(Task objective) Apart from the images, reproduce all of the data word for word.

Segment Start: Given data

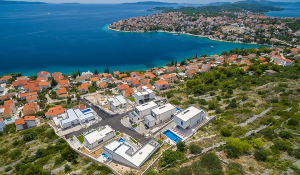 Die Luxusvilla Ciovo Tresor 2 mit Infinity-Pool, der mit einem wunderschönen Blick auf die azurblaue Adria geschmückt ist, befindet sich 5 km vom Zentrum von Trogir und 500 Meter vom Meer entfernt. Die kroatische Luxusvilla Ciovo Tresor 2 für Familienurlaub, eine moderne Villa mit Sauna und Whirlpool, befindet sich im ruhigen Urlaubsort Okrug Gornji auf der Halbinsel Ciovo, in der Nähe aller interessantesten Touristenziele in Mitteldalmatien. Aufgrund seiner idealen Lage, insbesondere der Nähe zum Flughafen Split und zu wunderschönen Stränden, bietet diese moderne und reich ausgestattete architektonische Schönheit auf 300 m2 alles, was Sie für eine vollständige Entspannung benötigen, während Sie die Reize von Trogir, Split und Sibenik erkunden.
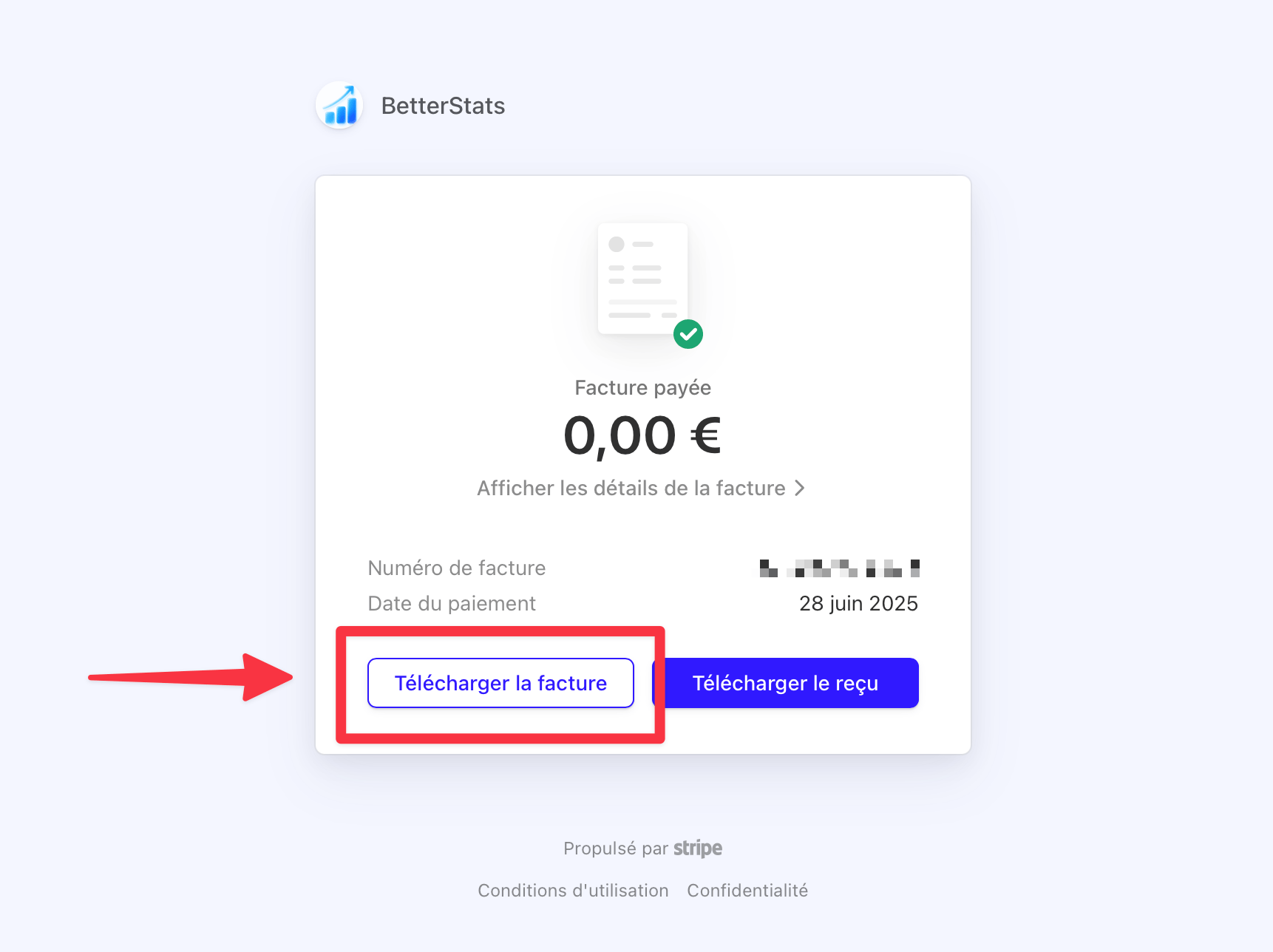 Comment obtenir sa facture BetterStats
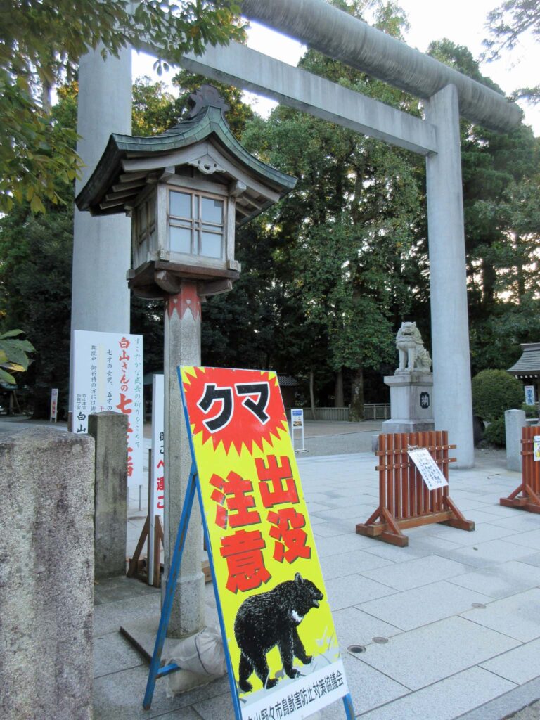 話は変わる。このところ、クマの出没が連日のように全国ニュースとなっている。きのう(22日)金沢市と隣接する白山市にある白山比咩神社の参道でクマが目撃された。きょう神社を訪れると、パトカーが待機するなど重々しい雰囲気だった。今の時節は「七五三詣」のころでもあり、神社の鳥居の下には「クマ出没注意」の看板が立てられていた=写真・下=。
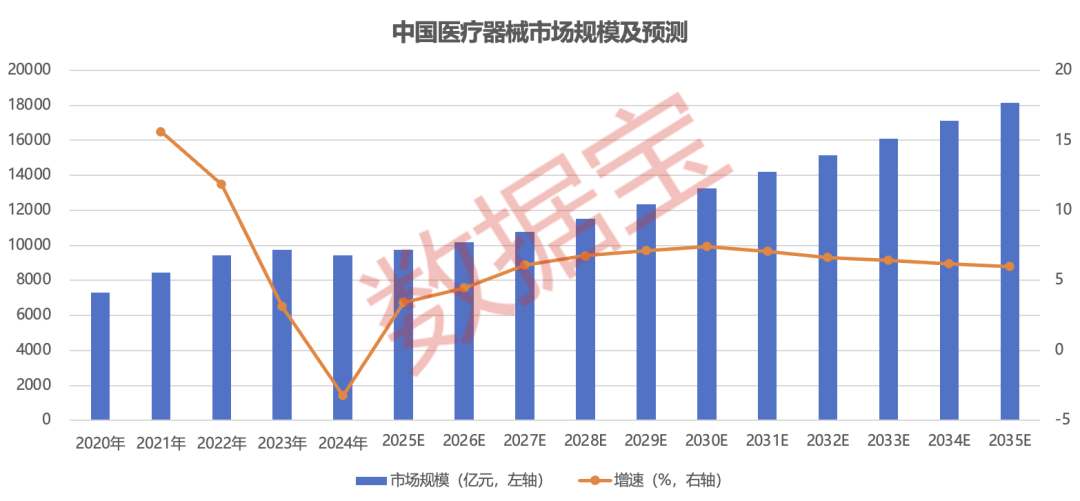 根据弗若斯特沙利文数据分析,2020年至2024年,中国医疗器械总体市场规模已从7298亿元人民币增至9417亿元人民币,年复合增速为6.6%。预计到2035年,中国医疗器械总体市场规模将达到18134亿元人民币,2025年至2035年,中国医疗器械市场规模年复合增速为6.41%,复合增速超过全球医疗器械市场规模的预测增速5.96%。

Segment End: Given data

(Solution to the exercise)
 Die Luxusvilla Ciovo Tresor 2 mit Infinity-Pool, der mit einem wunderschönen Blick auf die azurblaue Adria geschmückt ist, befindet sich 5 km vom Zentrum von Trogir und 500 Meter vom Meer entfernt. Die kroatische Luxusvilla Ciovo Tresor 2 für Familienurlaub, eine moderne Villa mit Sauna und Whirlpool, befindet sich im ruhigen Urlaubsort Okrug Gornji auf der Halbinsel Ciovo, in der Nähe aller interessantesten Touristenziele in Mitteldalmatien. Aufgrund seiner idealen Lage, insbesondere der Nähe zum Flughafen Split und zu wunderschönen Stränden, bietet diese moderne und reich ausgestattete architektonische Schönheit auf 300 m2 alles, was Sie für eine vollständige Entspannung benötigen, während Sie die Reize von Trogir, Split und Sibenik erkunden.
 Comment obtenir sa facture BetterStats
 話は変わる。このところ、クマの出没が連日のように全国ニュースとなっている。きのう(22日)金沢市と隣接する白山市にある白山比咩神社の参道でクマが目撃された。きょう神社を訪れると、パトカーが待機するなど重々しい雰囲気だった。今の時節は「七五三詣」のころでもあり、神社の鳥居の下には「クマ出没注意」の看板が立てられていた=写真・下=。
 根据弗若斯特沙利文数据分析,2020年至2024年,中国医疗器械总体市场规模已从7298亿元人民币增至9417亿元人民币,年复合增速为6.6%。预计到2035年,中国医疗器械总体市场规模将达到18134亿元人民币,2025年至2035年,中国医疗器械市场规模年复合增速为6.41%,复合增速超过全球医疗器械市场规模的预测增速5.96%。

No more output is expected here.